» **Available data**
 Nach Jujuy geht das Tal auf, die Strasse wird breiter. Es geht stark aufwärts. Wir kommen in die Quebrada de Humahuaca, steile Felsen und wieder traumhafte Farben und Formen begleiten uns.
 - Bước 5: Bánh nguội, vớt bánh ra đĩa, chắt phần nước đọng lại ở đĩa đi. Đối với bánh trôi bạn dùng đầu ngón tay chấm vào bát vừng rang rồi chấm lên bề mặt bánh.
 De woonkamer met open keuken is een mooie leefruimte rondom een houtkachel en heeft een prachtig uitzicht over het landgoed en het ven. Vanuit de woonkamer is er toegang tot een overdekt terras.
* * *
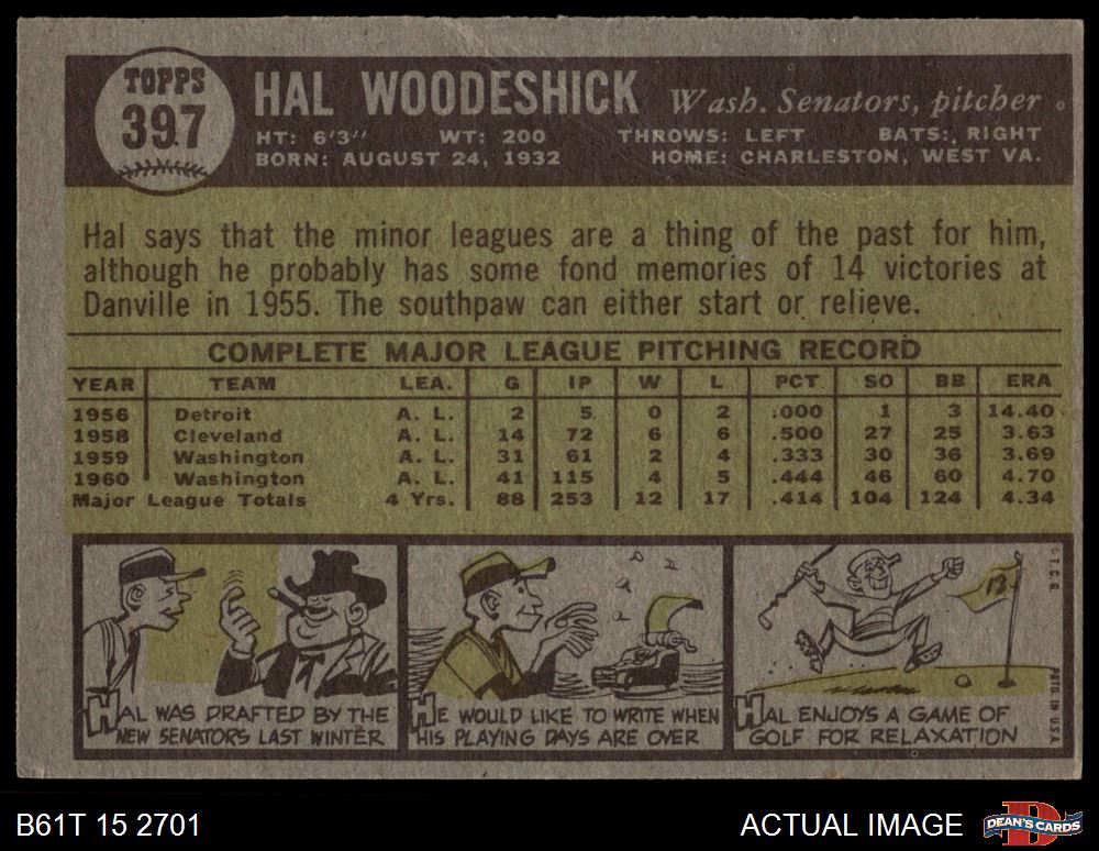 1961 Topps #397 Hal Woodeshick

» **Exercise**
Write out only the lines that run from the line containing "Nach Jujuy geht" through the line containing "De woonkamer met", both included, exactly as they appear above.

» **Expected answer**
 Nach Jujuy geht das Tal auf, die Strasse wird breiter. Es geht stark aufwärts. Wir kommen in die Quebrada de Humahuaca, steile Felsen und wieder traumhafte Farben und Formen begleiten uns.
 - Bước 5: Bánh nguội, vớt bánh ra đĩa, chắt phần nước đọng lại ở đĩa đi. Đối với bánh trôi bạn dùng đầu ngón tay chấm vào bát vừng rang rồi chấm lên bề mặt bánh.
 De woonkamer met open keuken is een mooie leefruimte rondom een houtkachel en heeft een prachtig uitzicht over het landgoed en het ven. Vanuit de woonkamer is er toegang tot een overdekt terras.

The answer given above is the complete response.